2019年に設立されたOrbital Exploration Technologies, Inc. (OrbitX)。
フィリピン発の商業宇宙ベンチャーで、発展途上国に手頃な価格で、環境に優しく、持続可能な宇宙アクセスを提供する主要なプロバイダーとなることを目指しています。
彼らは、2023年から2024年の間に初の打ち上げの成功を目標としています。
「地球を維持すること」と「宇宙へのアクセス」の2つは、OrbitXの事業が目指す大きな柱です。

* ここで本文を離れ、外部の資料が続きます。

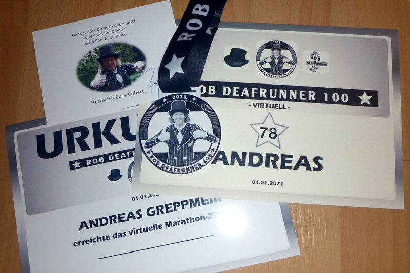 Ende Dezember tauchte der „Rob Deafrunner 100“ dann wieder im Internet auf. Natürlich konnte Roberts Jubiläumslauf nicht, wie von ihm erträumt, stattfinden und er schrieb ihn kurzerhand als virtuellen Lauf aus. Obwohl die Startplätze ja eigentlich vergeben waren, fragte ich bei Robert nach und ein paar Tage später kam die erfreuliche Nachricht, dass ich dank einer Absage einen Startplatz ergattern konnte. Letztendlich ließ Robert sogar noch Nachmelder zu, da zu viele Anfragen bei ihm eingingen. Das Anmelden übernahm Robert für mich und eine geringe Gebühr zur Abdeckung seiner Unkosten überwies ich ihm noch am selben Tag. So konnte ich schon zwei Tage später eine aufwendig gestaltete Startnummer und Urkunde im Briefkasten vorfinden. Doch das wahre Schmuckstück im Umschlag war die Medaille. Sie zeigt Robert in seinem typischen Laufoutfit, sowie den Schriftzug Rob Deafrunner 100. Ein wirklich tolles Stück.

「宇宙へのアクセスを持つことで得られる本当のメリットは、地球を守れると言った点です。宇宙にアクセスできるようになれば、より優れた通信技術、防衛技術、位置情報サービス、気象技術などを得ることができるようになります。例えば、宇宙へのアクセスがあれば、がん研究や農業も改善されると考えています。また、宇宙でしかできないより優れた防衛インフラのおかげで、国家としての安全保障を守ることもできます」とOrbitXのCEOであるDexter Baño Jr氏は述べています。
宇宙科学によって、通常は重力への反応によって隠されている細胞の挙動を研究できるようになり、がんとの戦いに大きな成果を残すことになります。例えば、地球上の低軌道でかけられている重力は、地球の表面で感じる重力の1万倍から100万倍にも満たしません。微小重力下では、細胞を 「体内の細胞に近い状態」で研究することができます。
他にも、温室効果ガスや台風などの自然災害を監視する地球観測衛星や、捜索・救助活動の際に機動性を高め、迅速な対応を可能にする全地球測位システム(GPS)のナビゲーションツール、宇宙プロジェクトの一環として始まった電子レンジやソーラーパネルなど、宇宙技術の応用例は多岐にわたっています。
OrbitXは、複数の民間企業や、東南アジアのアーリーステージのテクノロジー企業への投資に力を入れているGenix Venturesからの出資を受けています。
また、クラウドファンディングを実施する中で、ヨーロッパとインドからの関心が高いことに気付きました。
支援者の一人である Abhishek Raju氏は、自身も宇宙産業のプロであり、インドの宇宙研究機関とOrbitXを結びつける道を開きました。彼は、近日中に駐フィリピンインド大使に会い、フィリピンとインドの外交協力の可能性について話し合う予定だと語りました。
「インドは、フィリピンと同じように、非常に信頼性の高い宇宙機関を設立するために、最小限の予算でスタートしたため、最も論理的な同盟国です。私たちには、国としての社会経済的地位の類似性があります。インドは知識経済の側面はありますが、まだそれを適切に活用できていません」と述べています。
OrbitXは、フィリピンの宇宙機関とは提携しておらず、資金援助を受けていませんが、プロジェクトの開発状況について定期的に最新情報を送ることで連携を図っています。